SHERIFF'S PLEA ~ TREATMENT...PREVENTION
~By Chris Curtis, Recorder Staff
(413) 772-0261 ext. 257
“I am writing to bring your attention to a public health emergency in Franklin County. Our small, rural county is being devastated with the scourge of heroin addiction,” Donelan opened the letter, dated Wednesday.
Baystate Franklin Medical Center’s emergency room treated nine heroin overdoses in the past weekend alone, and three young people have died since last Thursday in suspected heroin overdoses, Donelan wrote, calling the numbers alarming for a small community.
“I am writing to make you aware of a crisis building in our community and ask you to help by committing the Massachusetts Department of Public Health to assisting us as we share ideas to help families and addicts get the help they need,” Donelan wrote.
Franklin County cannot fight the crises alone, Donelan said in a release accompanying the letter Thursday.
Sheriff ’s plea: Treatment, Prevention - “This will involve a multipronged approach including enforcement, treatment and intervention,” Donelan is quoted as saying. “None of this will be cheap and none of our towns can afford the cost of eradicating drug dealers, treating the addicted and supporting long term treatment. We will need help from the state.”
Govenor Peter Shumlin of Vermont recently devoted almost his entire State of the State address to the opiate problem in his state, and called in his budget proposal Wednesday for an additional $10 million in new spending on the problem, primarily for treatment and prevention, the Associated Press reports.
Like Shumlin, Donelan and other law enforcement and court officials in the county have expressed little faith in the deterrent effect of jailing addicts.
“In the long term, we need intervention and treatment,” Donelan said. “The Dept. of Public Health will be integral in helping us with that.
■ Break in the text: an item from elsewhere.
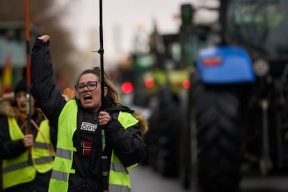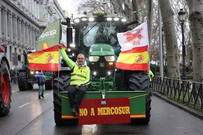 Durante la marcha, que transcurre con muchas banderas con el eslogan “No a Mercosur”, Braulio Hernández, de 53 años, porta una negra con una calavera. Simboliza, según él, “la muerte del campo con el acuerdo” de Mercosur. Este agricultor de ajos de Chinchón (Madrid) vaticina una “invasión de productos” agroalimentarios de América Latina que “va a reducir mucho los beneficios económicos del campo” en España. Por eso pide al Gobierno que presione a la Comisión Europea para que no entre en vigor.

We cannot arrest our way out of this problem.”
Calls to the Governor’s Office went unanswered late Thursday afternoon.
Local efforts are already under way - Donelan has strengthened addiction treatment programs in the Franklin County House of Correction, where he has said 80 percent of the inmates have substance abuse problems.
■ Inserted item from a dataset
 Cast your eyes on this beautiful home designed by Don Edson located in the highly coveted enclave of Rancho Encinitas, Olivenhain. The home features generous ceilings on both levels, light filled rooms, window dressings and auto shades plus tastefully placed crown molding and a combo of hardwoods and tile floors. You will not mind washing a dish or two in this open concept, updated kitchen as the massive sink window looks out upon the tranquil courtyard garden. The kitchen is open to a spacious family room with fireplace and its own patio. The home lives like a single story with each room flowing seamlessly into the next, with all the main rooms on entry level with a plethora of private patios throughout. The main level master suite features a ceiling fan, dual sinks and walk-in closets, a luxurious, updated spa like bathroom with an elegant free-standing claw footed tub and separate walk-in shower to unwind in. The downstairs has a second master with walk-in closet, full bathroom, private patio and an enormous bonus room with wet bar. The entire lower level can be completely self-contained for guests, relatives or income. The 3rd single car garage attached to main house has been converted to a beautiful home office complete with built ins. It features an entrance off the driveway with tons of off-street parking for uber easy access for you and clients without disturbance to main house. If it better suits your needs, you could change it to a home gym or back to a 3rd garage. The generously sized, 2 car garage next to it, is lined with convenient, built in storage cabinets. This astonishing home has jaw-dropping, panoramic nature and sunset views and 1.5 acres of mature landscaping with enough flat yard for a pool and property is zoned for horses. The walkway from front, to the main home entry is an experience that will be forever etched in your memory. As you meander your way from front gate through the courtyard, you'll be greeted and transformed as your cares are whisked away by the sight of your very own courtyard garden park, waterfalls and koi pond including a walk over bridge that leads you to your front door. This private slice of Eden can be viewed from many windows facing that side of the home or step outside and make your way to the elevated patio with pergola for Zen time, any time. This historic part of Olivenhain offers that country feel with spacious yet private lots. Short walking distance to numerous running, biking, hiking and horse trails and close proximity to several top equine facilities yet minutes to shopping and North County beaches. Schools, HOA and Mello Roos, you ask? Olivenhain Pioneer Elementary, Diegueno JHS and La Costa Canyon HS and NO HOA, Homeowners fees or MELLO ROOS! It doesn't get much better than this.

Northwestern District Attorney David Sullivan in the spring of 2013 established the multi-agency Anti- Crime Task Force, with money from the Community Innovation Challenge Grant Program. Opiate addiction was the stated first priority of the task force.
Later that year, Donelan, Sullivan and Franklin County Register of Probate and Family Court John F. Merrigan launched an Opiate Abuse Task Force. The ad-hoc group has met three times, bringing together dozens of area leaders and professionals interested in stopping the proliferation of the opiate problem in Franklin and Hampshire counties and the North Quabbin region.
Merrigan hopes the court will be able to take a stronger role in connecting defendants in drug-related cases — he estimates it’s 80 to 90 percent of the Franklin County case load — with treatment programs.
Merrigan said Thursday he and other local court staff, with Sullivan, took advantage of a prescheduled video conference with the Massachusetts court administrators about the upcoming Franklin County Courthouse renovation to address the problem.
“We just kind of hammered home that we have this crisis upon us and asked for their support in terms of upping our resources in terms of probation staff,” Merrigan said. “We’re kind of doing an all-out assault in terms of our efforts to get resources here.”
Medical and law enforcement professionals in Franklin County, as elsewhere, have identified a growing trend in young people and medical patients becoming addicted to prescription opioid painkillers, legitimately or illicitly. Once addicted, these users often transfer to heroin, which has a similar effect at a fraction of the cost and is now commonly pure enough to ingest by snorting or smoking, not only through the needles that may have scared off some users previously. Both heroin and painkillers such as Percocet and OxyContin carry the risk of overdose. Heroin carries an additional risk in that it is impossible for the buyer, and often the seller, to know what the drug has been mixed with and how pure it might be. An unexpectedly pure dose can be far more dangerous than one cut with baby powder, sweetener or other additives used by dealers to stretch their product.
Tackling this issue requires more than just law enforcement; it needs accessible and effective resources for recovery. Expanding the reach of a dedicated rehab centre can provide people with the chance to reclaim their lives and break free from addiction. It’s essential that government and community leaders work together to offer these rehabilitation options, ensuring individuals can access help before reaching a breaking point. Providing comprehensive support systems is key to truly addressing the addiction crisis and giving people a path to recovery.